* [WORK REQUIRED] Reproduce all the entries exactly and keep the pictures out.

[Records contained in a dataset]

▼

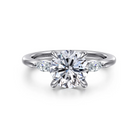 Dela - 14K White Gold Round Three Stone Diamond Engagement Ring
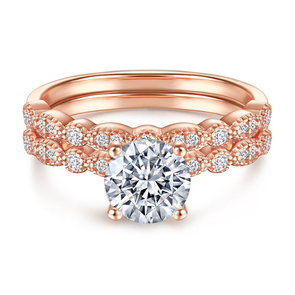 Hot sale European and American fashion S925 silver rose gold ring two-in-one combination ring
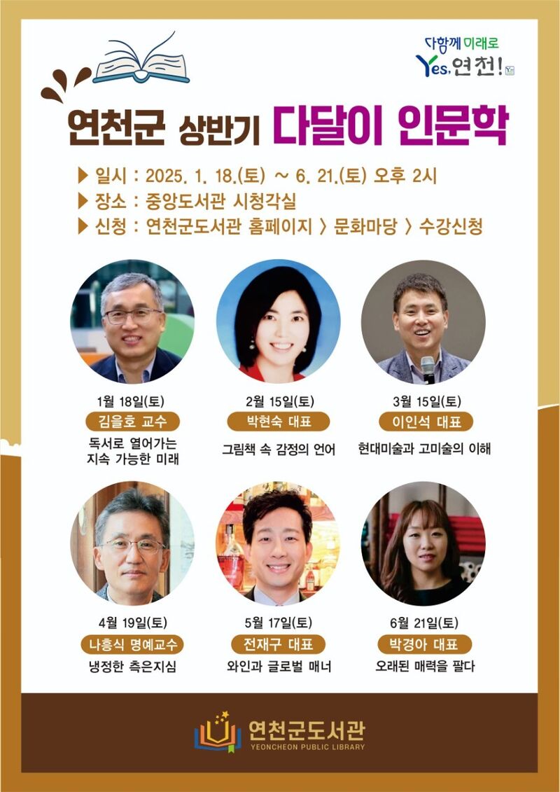 다달이 인문학의 마지막 회차인 6차시 강연은 오는 6월 21일(토) 오후 2시, 동일 장소에서 공예가 박경아 대표를 초청해 자온길 프로젝트의 과정을 소개한 저서의 제목이기도 한 ‘오래된 매력을 팔다’라는 주제로 열린다. 참가를 원하는 군민은 연천군도서관 홈페이지에 접속해 문화마당>수강신청 메뉴를 통해 신청할 수 있으며, 자세한 사항은 독서문화진흥사업 담당자(031-839-4411)에게 문의하면 된다.
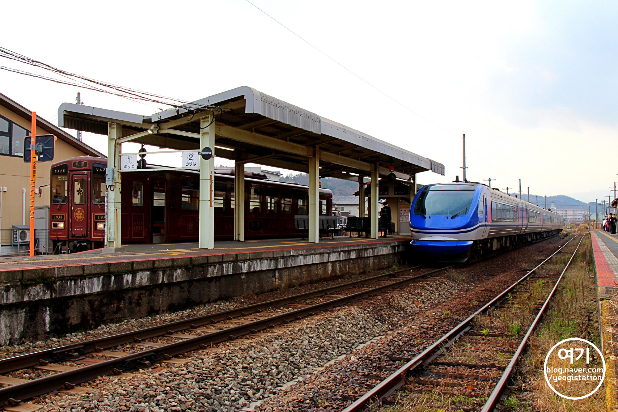 코게역 1, 2번 타는곳에 나란히 정차중인 와카사 철도의 챠량, 그리고 치즈급행의 차량.
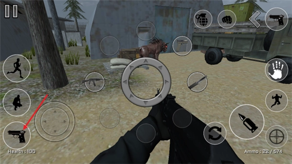 1、在游戏里,你可以借助左侧的摇杆来操控角色移动,而且上方还设有奔跑和蹲下模式可供选择。
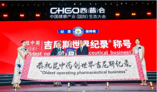 此次大会现场,上千名行业同仁共同见证中医药振兴发展的高光时刻。昆药集团旗下子公司昆中药创下吉尼斯纪录,成为全球公认的“Oldest operating pharmaceutical business”!昆中药董事长杨承权表示,昆中药作为中医药文化的载体,将弘扬中医药文化精髓,把我国五千年中医药文化推向世界。
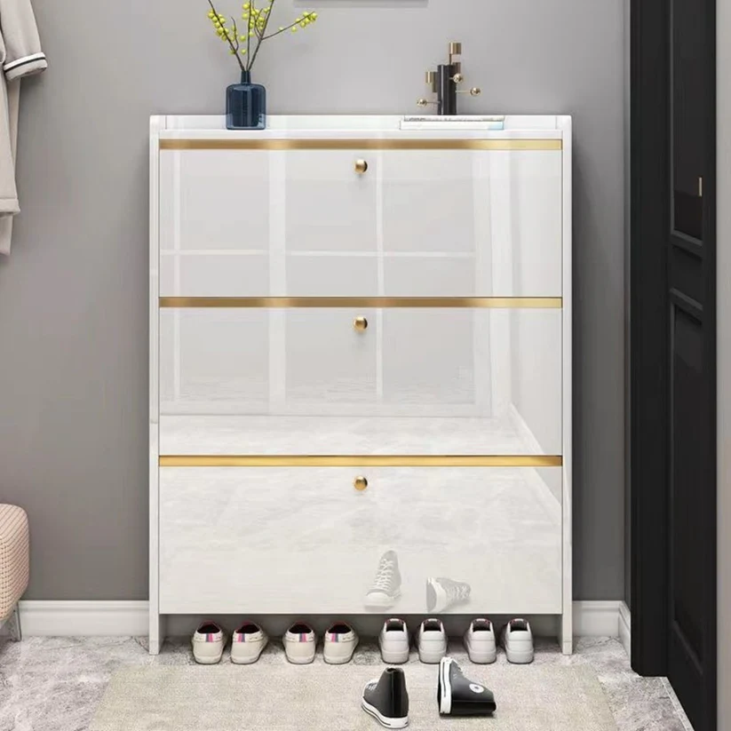 The second shoe cabinet is finished in a high-gloss white with the same gold stripe accents. The white finish gives the cabinet a clean and bright appearance, perfect for adding a touch of elegance to a modern or contemporary interior. The gold accents and knobs are consistent with the first option, ensuring a cohesive design language across both color variants. The white and gold combination is timeless, offering versatility in different decor styles.

▲

* [FINAL ANSWER]
 Dela - 14K White Gold Round Three Stone Diamond Engagement Ring
 Hot sale European and American fashion S925 silver rose gold ring two-in-one combination ring
 다달이 인문학의 마지막 회차인 6차시 강연은 오는 6월 21일(토) 오후 2시, 동일 장소에서 공예가 박경아 대표를 초청해 자온길 프로젝트의 과정을 소개한 저서의 제목이기도 한 ‘오래된 매력을 팔다’라는 주제로 열린다. 참가를 원하는 군민은 연천군도서관 홈페이지에 접속해 문화마당>수강신청 메뉴를 통해 신청할 수 있으며, 자세한 사항은 독서문화진흥사업 담당자(031-839-4411)에게 문의하면 된다.
 코게역 1, 2번 타는곳에 나란히 정차중인 와카사 철도의 챠량, 그리고 치즈급행의 차량.
 1、在游戏里,你可以借助左侧的摇杆来操控角色移动,而且上方还设有奔跑和蹲下模式可供选择。
 此次大会现场,上千名行业同仁共同见证中医药振兴发展的高光时刻。昆药集团旗下子公司昆中药创下吉尼斯纪录,成为全球公认的“Oldest operating pharmaceutical business”!昆中药董事长杨承权表示,昆中药作为中医药文化的载体,将弘扬中医药文化精髓,把我国五千年中医药文化推向世界。
 The second shoe cabinet is finished in a high-gloss white with the same gold stripe accents. The white finish gives the cabinet a clean and bright appearance, perfect for adding a touch of elegance to a modern or contemporary interior. The gold accents and knobs are consistent with the first option, ensuring a cohesive design language across both color variants. The white and gold combination is timeless, offering versatility in different decor styles.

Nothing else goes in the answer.